For instance, non-native speakers tend to put the modifier(s) before a proper noun in constructions such as
"the Belgian beer company InBev"
"the accounting firm KPMG"
"the international think-tank Carnegie" (the latter from the EUobserver, an ENglish-language EU online news site with often atrocious English).
It seems to me that "Carnegie, the international think-tank," would be more natural in English, but that option isn't always possible where the noun is itself a complex construction, or where the modifier is longer.
Is there a rule/guideline for this sort of usage? Do the three examples above sound natural to uncontaminated anglophone ears?
Many thanks,
Monica Sandor
Hi, Monica.
I'm not sure how uncontaminated I am, since in America we hear so many influences around us every day. But your examples sound perfectly fine to me either way. Your examples with the name last do have the ring of a news style.
I'm going to venture a possible tendency without any hard facts. This is by no means a rule, because both placements are perfectly fine to my ear. The order with the name following the description is more likely to occur in writing or formal, scripted speech. Informal conversation would probably be more likely to use the name, followed by the description in apposition, as your instinct is.

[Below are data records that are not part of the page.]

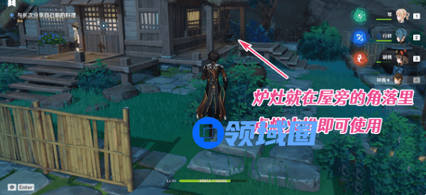 炉灶的位置就在长次家屋子后面,收集好食材,用火元素角色点燃柴火,直接用这里的锅进行烹饪即可。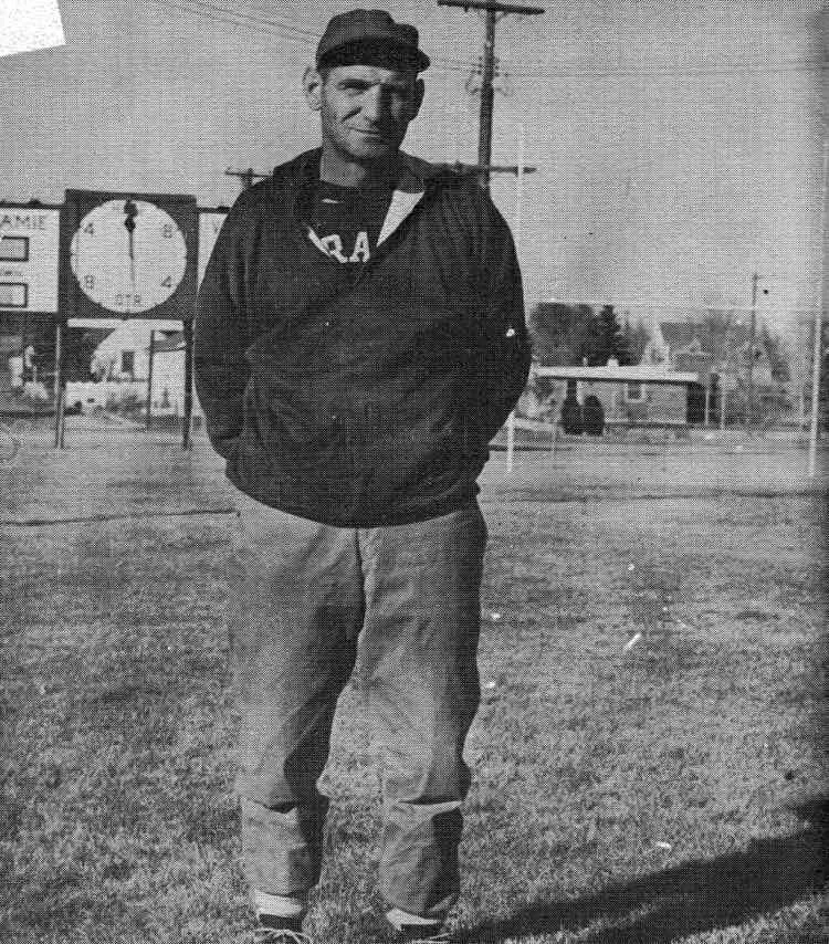 Coach John E. Deti standing in the center of Plainsman Field on Russell St. between 11th and 13th St.. The low-roofed ranch house in the background was built in 1954 and is still there on the corner of Steele and 12th Street. The house on the far right with dormers barely visible is on Park and 12th St.. Photo is from the 1956 LHS Plainsman yearbook, courtesy of Laramie Plains Museum. Webmanter’s note - the low roofed house was built by Peter Glen. My wife Barbara bought in the late nineties; it is where I live today. Kim Viner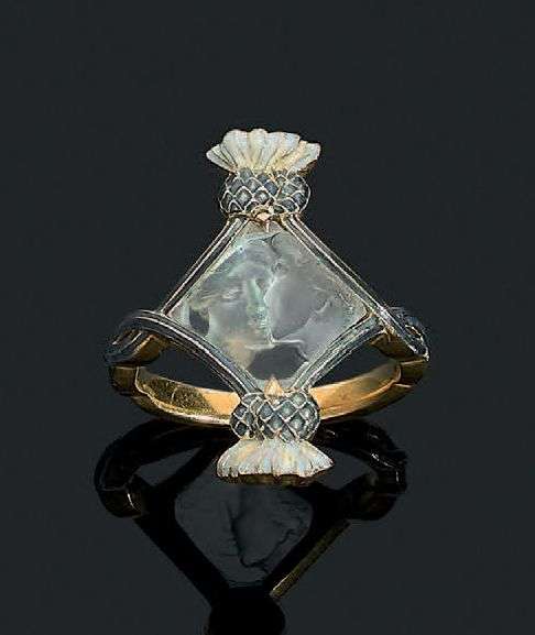 BAGUE « LE BAISER ». Deux profils s'embrassant, l'un en relief, l'autre en intaille. Verre pressé, décor de chardons émaillés et or 18K (750). Signée, vers 1900-1905. Pb.: 6.35 gr - Td.: 51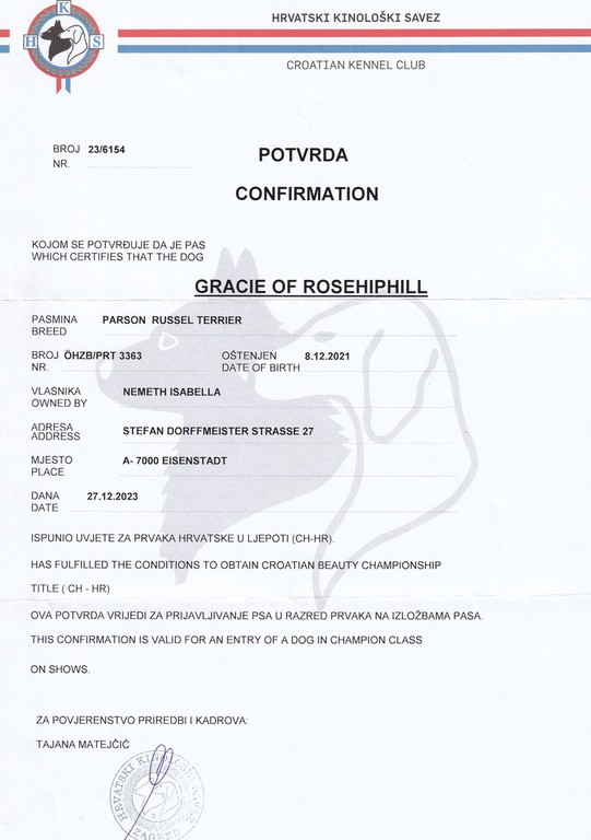 09. Feber 2024 Gracie in Rekordzeit nun auch Champion von Kroatien!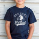 Let him rep his team with this navy kids tee featuring retro varsity-style typography and a football helmet graphic with a customizable team name and player number. The classic white-on-navy design has a cool vintage feel that is perfect for wearing to practice, school spirit days, and cheering on teammates. Customize with his team name and jersey number for a look that matches the real deal.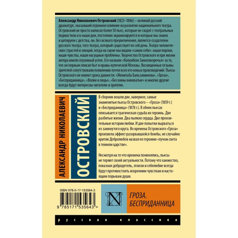 В сборник вошли две, наверное, самые знаменитые пьесы Островского "Гроза" (1859 г.) и "Бесприданница" (1878 г.). В обеих пьесах описывается трагическая судьба их героинь. Две разбитые жизни. Два пылких сердца. Две пронзительные истории любви. И две попытки вырваться из замкнутого круга. Во времена Островского "Гроза" произвела эффект разорвавшейся бомбы, не случайно критик Добролюбов назвал ее героиню "лучом света в темном царстве". Несмотря на то, что времена поменялись, пьесы не теряют своей актуальности. Потому что ханжество, показная добродетель, эгоизм и себялюбие всегда будут противостоять искренним чувствам и настоящим порывам души.

If I were to venture a further guess, I might guess that the newsy ring comes from the legal need to avoid misunderstanding or ambiguity. There might be a park, a company, a college, a person, a foundation, a concert hall, all called “Carnegie.†By classifying the reference first, the named reference is unambiguous upon naming. Again, I suspect in conversation we would tend to name first, then clarify.
But that is not to say the order of name first is somehow inappropriate or less appropriate for formal writing or speech. Either can be used properly.
I hope this helps.
Journalists are also likely to drop the article and put, for example, "American brewer Anheuser Busch was bought by Belgian beer company InBev."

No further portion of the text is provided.